2. Short term outlook: Most companies see education as a million dollar opportunity. They try to find quick hacks, acquire a few customers and make an exit. This adds no value to the education system. Open Door sees education as a million kids opportunity.

When we started Open Door, we started by teaching children for a year. Since then, whenever we design a product, we keep the focus on making an impact on the children. Also, we consider our enterprise as a marathon, not a short term race.

7.   How hard is it to have a work-life balance as a startup founder and how do you manage it?

I have always thought that when work is exciting, you don’t need work-life balance (unless it has a negative impact on health or personal life). Running a startup is so much joy that you may not need a ‘life’. You are constantly thinking. You always have 3-4 challenges lingering in your mind. 

Recently, I have started to realise that it is also important to balance your family and make sure that you send time with them. I have struggled with this but I try to take second half off on Saturdays. I have also realise the importance of good health. I have started going to the gym and watching my diet.

8.   Have you raised funding? If yes, then we would like to know the details. If no then please tell us if you are looking to raise.

Our first and only round of funding was in 2016. Since then we have remained lean and profitable and have not needed funding. We are open to funding in the future if need be. But we have no plans to raise any funds for the sake of raising funds.

9. What’s the biggest misconception people have about you? Why do they have that? What’s the reality?

When I meet school principals, they often tell me: ‘There are so many questions on the internet. How good can Open Door’s questions be? After all, questions are questions.’ Many edtech startups’ founders have told me: ‘Stop wasting time designing questions. Hire teachers, pick questions from the internet.’

People do not realise that making questions is easy. But, making good questions is difficult. It needs out of the box thinking and a lot of time. Year after year, Open Door team has created fresh questions in its assessments. These are questions that no teacher, no student has seen else where. These questions are so unfamiliar that they leave children with no option but to think.

10. What gets you excited about this company?

Open Door is a company like no other company in the world.

First, the problem statement is very challenging. We are trying to fundamentally change the school system, which hasn’t been changed in centuries.

And if the problem is solved, that is, if we are able to create a generation of thinkers and curious learners, it can drive innovation and better understanding of the world. It can improve many problems that exist in the world. 

11. Tell us how a day in your life looks like? Your schedule for a day right from the time you get up till you hit the bed at night.

When you run a startup, you are constantly solving problems. You are constantly iterating and making your company better. You think not just for yourself, but for the business, for the team. 

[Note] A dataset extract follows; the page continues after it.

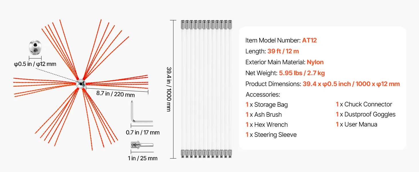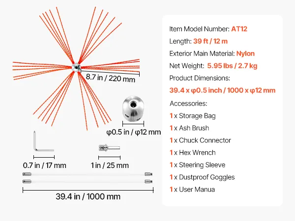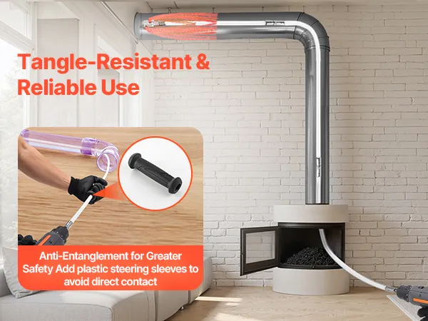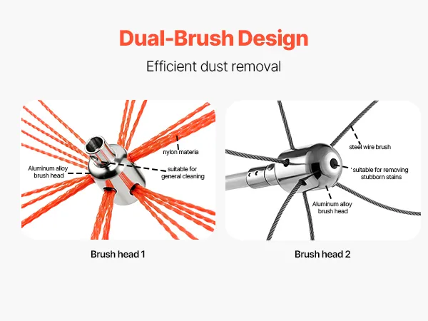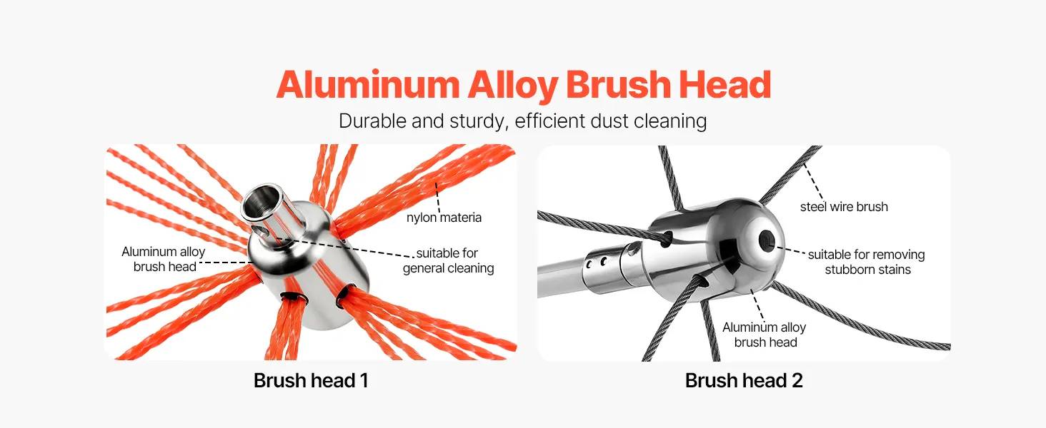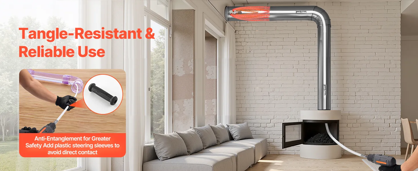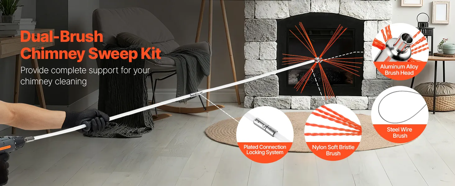 Get everything you need with this dual brush heads chimney sweep kit, featuring upgraded aluminum alloy brush heads and a plastic sleeve for safety. With a maximum extension of 39 ft / 12 m, this kit makes cleaning hard-to-reach chimneys a breeze.

I wake up around 8am. I play with our dog, finish my morning chores and then let my mind wander in the first one hour around some 2-3 current challenges. The challenge could be about improving the efficiency of sales or making a good video. After that, I make a checklist of tasks to be completed in the day.

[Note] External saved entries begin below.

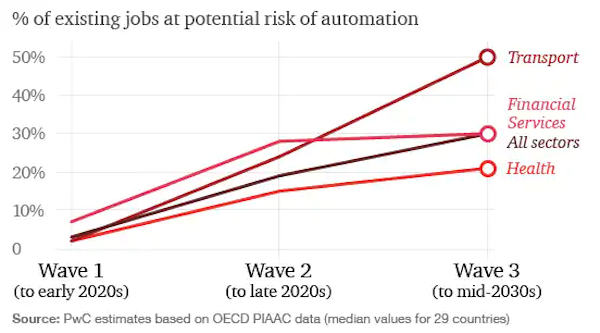 NARRATOR: High-skilled jobs such as finance managers, payroll managers and accounting roles face a 56 percent chance of being automated in the future. And according to Consulting.ca, up to 30 percent of oil and gas jobs could be lost to automation by 2040. One major problem in the US for workers is that workers are a tax burden for employers, whereas machines are actually subsidized.
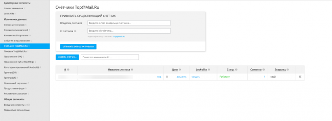 Для создания ретаргетинга нам необходимо зарегистрировать счетчик [email protected]
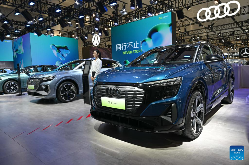 This photo taken on Sept. 28, 2024 shows an exhibition featuring cutting-edge technologies and products of new energy vehicle (NEV) in Haikou, south China's Hainan Province. More than 30 NEV firms showcased their new energy vehicles, batteries and intelligent-connected technology at the exhibition. (Xinhua/Pu Xiaoxu)
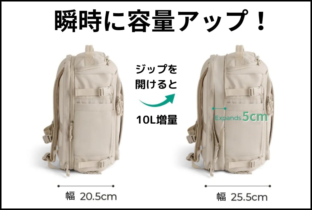 荷物が増えたときにも、サイドジッパーを開けるだけで容量アップ。

From 10am – 2pm, I have review meetings with my team members, one by one. Post-lunch, I try to finish some pending work and the checklist of the day. This could include hiring, writing emails, designing a marketing campaign.

 I end my day around 7pm. After that, I hit the gym or play tennis or both. After coming back, I sit down with my wife and we discuss how our day went. I call it a day around 12:30pm.

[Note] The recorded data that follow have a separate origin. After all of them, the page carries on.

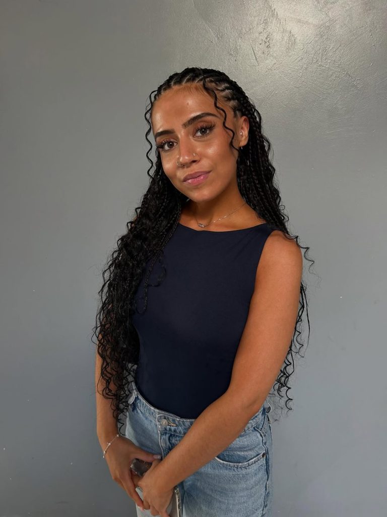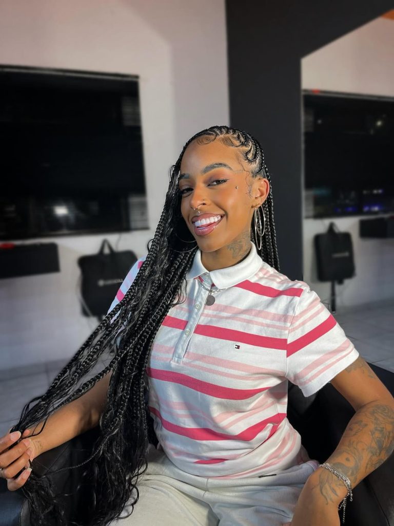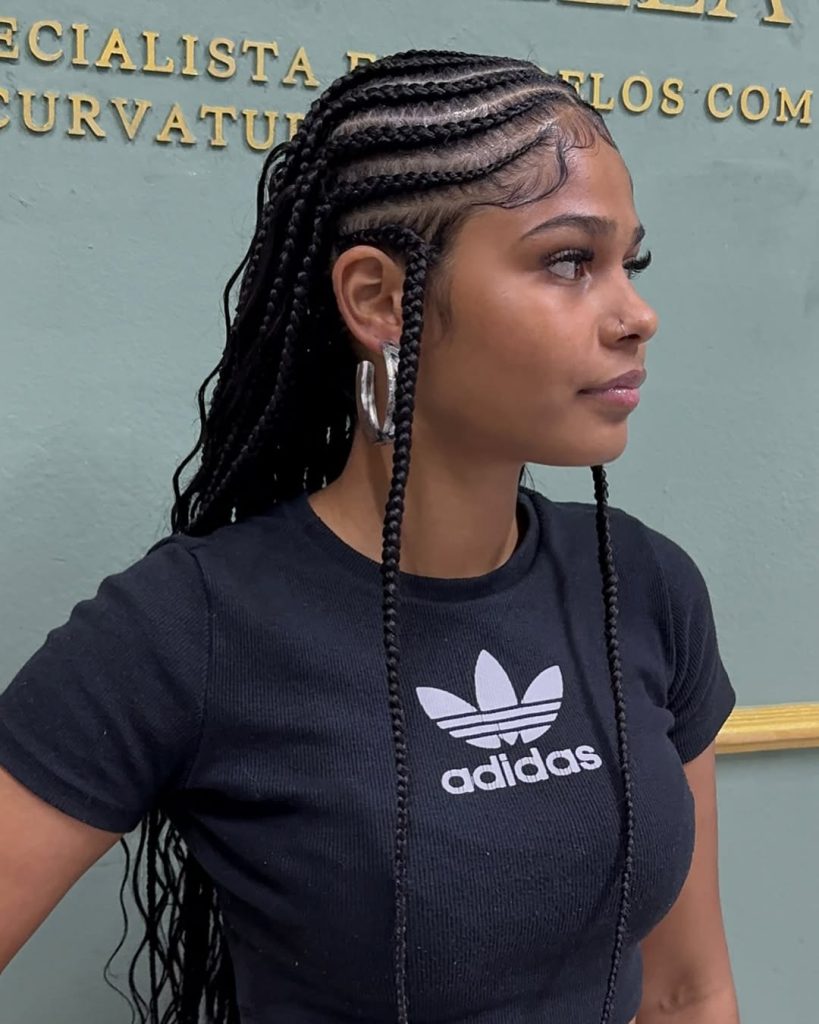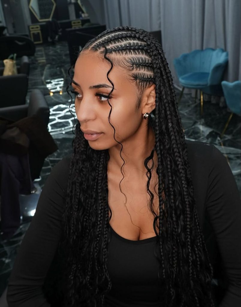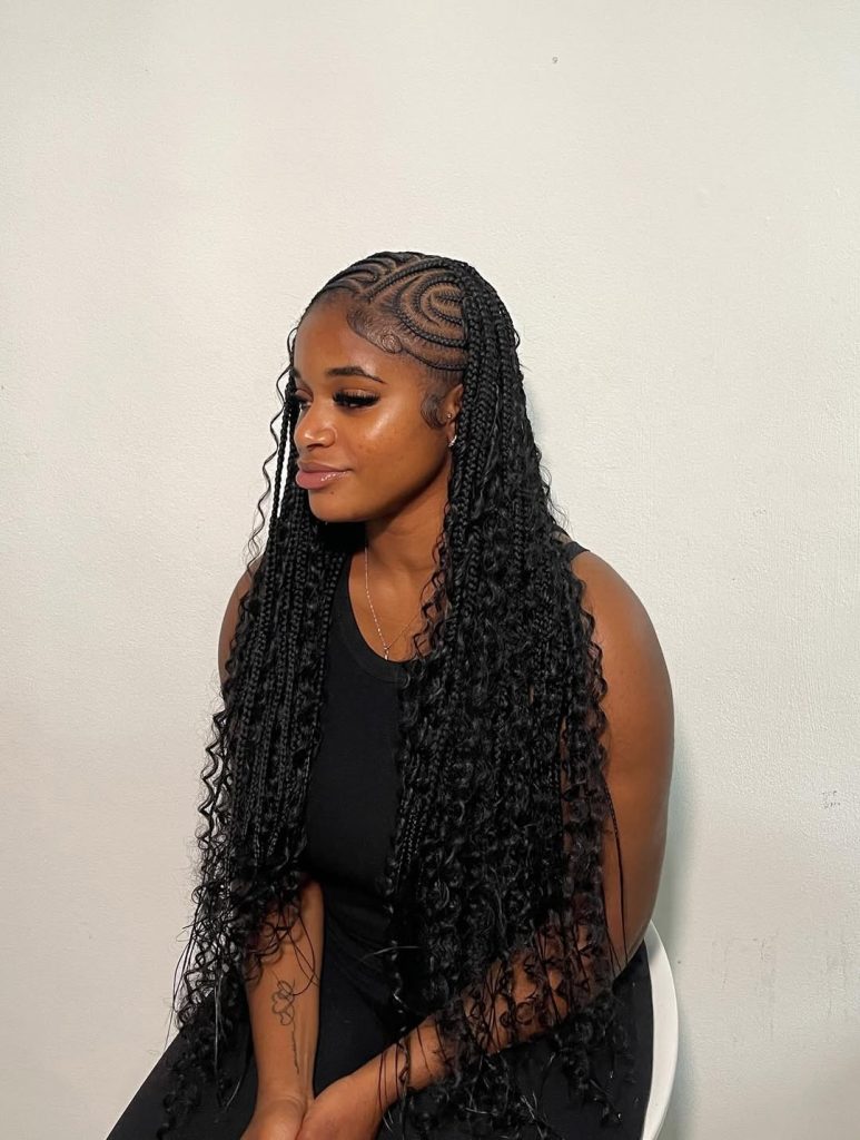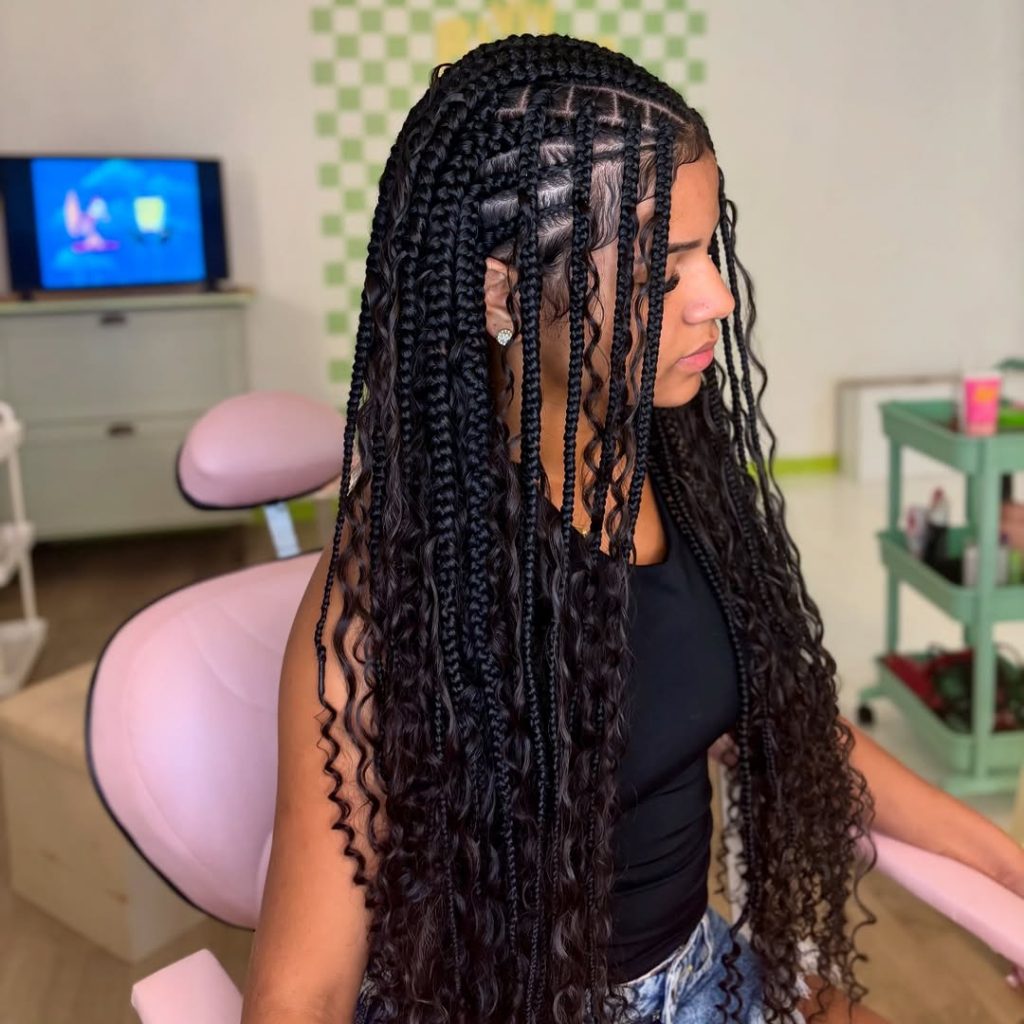 Perfect for natural hair 4c or those who prefer designs with natural hair, this style brings out texture without compromising manageability. It’s especially flattering for women who love long braids but want a bit of movement and flow. Style with mousse or a light curl refresher to keep the curls hydrated and bouncy. Whether paired with hoop earrings or a bold lip, it gives major confidence energy in 2026.
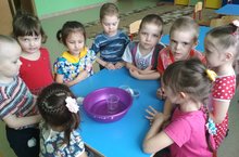 Су белән экспериментлар ясадык. Буш стаканда да һава барлыгын балалар аңлады.
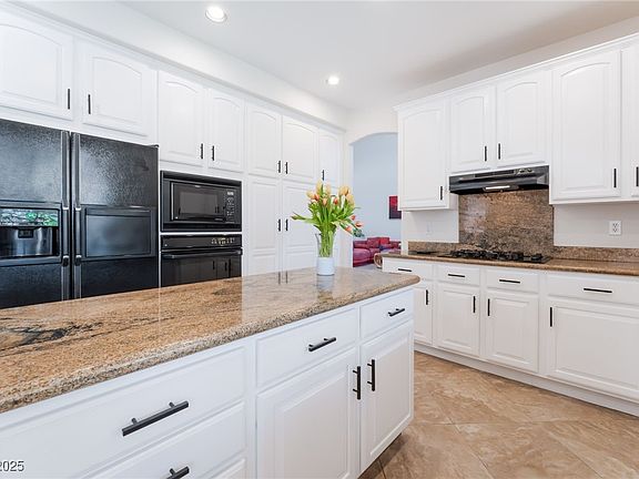 Own your dream home in the upscale community of gated Canyon Oaks in Summerlin! This luxurious 3200 sq ft home has 5 beds, 3 baths and a large office space. Step inside to grand cathedral ceilings in the formal living & dining rooms,dual entry staircase w/1 bed & bath d/s. D/s features porcelain tile, upstairs is engineered dark wood, fresh interior paint, spacious family rm w/built in media ctr w/fireplace. Gourmet kitchen features granite counters, island, bkfast area, & ample cabinets. Office w/hardwood floor has custom built-ins. Outside is your private backyard oasis w/sparkling pool, spa, lush tropical mature landscaping, grill w/mini fridge, & covered patio w/cabana curtains. Retreat upstairs to your luxurious primary suite, spacious balcony w/scenic mountain views, fireplace, & his/hers walk-in closets. En-suite bath w/travertine flooring, soaking tub, shower & vanity. 3-car garage w/epoxy flooring & built in cabinetry. Freshly painted driveway & pool deck.

12. Tell us about your team and how did you meet each other?

Abhishek Kariwal (co-founder of Open Door) and I have known each other since our college days. But, we started having serious discussions about education and entrepreneurship 2-3 years after graduating from college. We started Open Door in 2013 and in 2016, we started hiring our first team members. Today, Open Door has 30 team members who work hard to make Open Door’s vision a reality.